At the time of the release of the Bromley report, Carr made the same sort of noises which Newman has spouted in the last couple of weeks, expressing confidence in his council officials’ ability to turn things around and shrugging off any suggestion that there would be need of resignations.

But last week Justine Greening, the Tory government’s education secretary, declared that Bromley is “still failing” to provide adequate children’s services, particularly in regards to social services.

Like Croydon, since it  was found to be “inadequate” in caring for some of its borough’s most vulnerable children, Bromley has had a commissioner appointed by the Secretary of State to peer over the shoulders of council workers and rustle through their paperwork and files. The Bromley inspector, Frankie Sulke, found there had been “positive improvements” since last year, but that “the Secretary of State remains satisfied that the council is still failing to perform to an adequate standard, some or all of the functions”.

On Tuesday, Greening issued a direction ordering Bromley to comply with any instructions issued by the Department for Education; to ensure that the independent chair of the council’s improvement board reports in writing to the Secretary of State once every three months; and ensure that the deputy chief executive of the council’s focus is directed exclusively towards improved delivery of children’s social care functions.

Initially, Carr welcomed these recommendations. “This decision indicates a real confidence in what we are doing to continue our stated trajectory towards providing excellent services to our young people.”

Less than 48 hours later, the decision had been made that Carr should quit as council leader.

Stephen Carr: forced to resign over adverse Ofsted report

Carr – who is in a relationship with Croydon councillor Sara Bashford – is mindful that there are local elections next May. “In no way is this decision defeatist, I am resigning now to give our new leader enough time to establish a mandate ahead of the elections in May,” he told one Bromley newspaper.

And then the arse-covering bit: “Of course I was never concerned about my position as leader, I have been regularly re-elected by my party members, I just feel it is time for someone else to take over,” Carr said.

As if.

There are local elections in Croydon, too, in eight months’ time. Where this becomes tricky for Newman is that the commissioner appointed to look into Croydon’s children’s services, Eleanor Brazil, is due to issue her progress report in December.

If, as seems highly likely, Brazil is less than impressed with the efforts made to improve children’s services in Croydon – the council executive director responsible, Barbara Peacock, is supposed to have been working on problems within the department since July 2016 – then Newman’s position will be seen to have become untenable. And the countdown to the Town Hall elections will make the political damage to the Croydon Labour Party all the greater.

The Labour group of councillors had a “difficult” meeting on Thursday night. It was unusual for the absence of Jo Negrini, the too-powerful council chief executive who attends most of the Labour group’s meetings to keep a check on what her (supposedly) political masters might be getting up to.

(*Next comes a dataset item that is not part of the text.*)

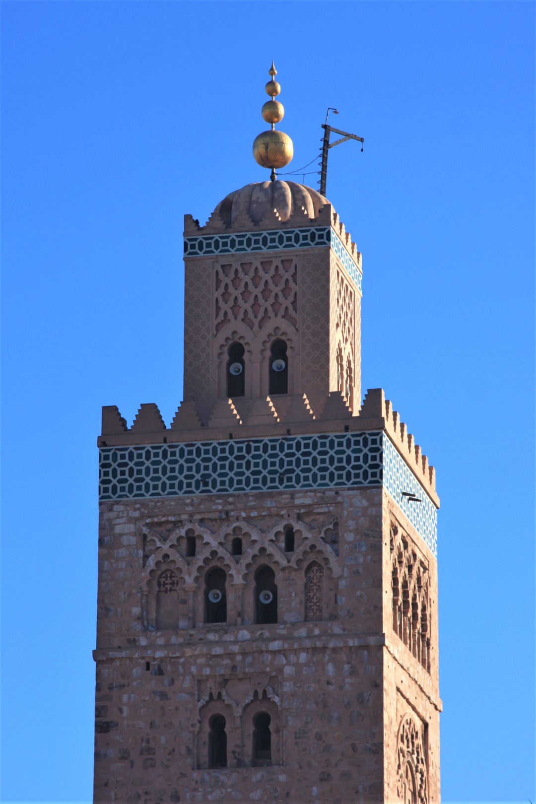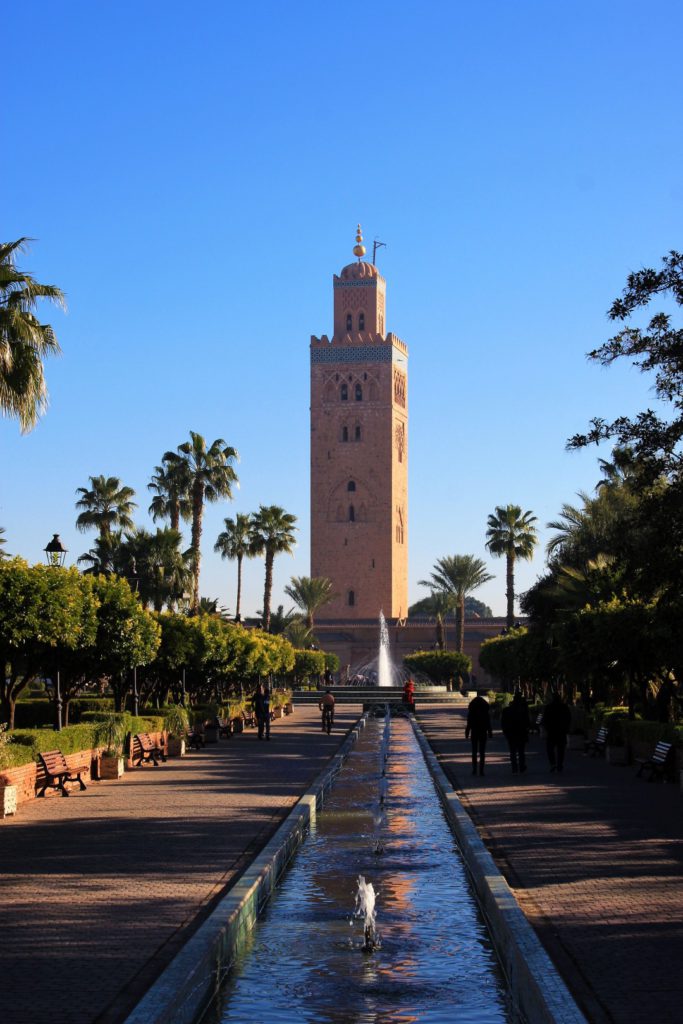 Op tijd op om te genieten van het ontbijtbuffet. 9 uur vertrek met de bus naar de Koutoubia moskee. We hebben vanaf nu een gids genaamd Lhassan. Hij spreekt prima nederlands. Hij vertelt dat de Moskee is gebouwd rond 1168 en ook 68 meter hoog is. Hij heeft 4 goudkleurige bollen op het dak terwijl dat er normaal maar 3 zijn. De 4e kleinste bol is van puur goud. Naast het dak hangt een soort galg waar vroeger als er gebeden werd een witte vlag aan werd gehangen omdat de preken werden gesproken en er nog geen speakers waren. Zo wist iedereen dat het tijd was om te bidden.

Negrini’s absence meant that some councillors felt able to speak more freely than usual. During the meeting, there were calls for councillors to take a firmer  grip on the conduct and performance of the council’s professional staff. Newman was criticised, albeit indirectly, for his failure to apologise adequately for the council’s failings and his refusal to criticise the performance of council officials.

Yesterday’s resignation of a similarly unapologetic council leader in Bromley will only serve to underline the jeopardy which Newman is trying to navigate. His performance in the Town Hall chamber on Monday night – the first time Croydon’s 70 councillors have been summoned to a full council in three months – will be watched very carefully.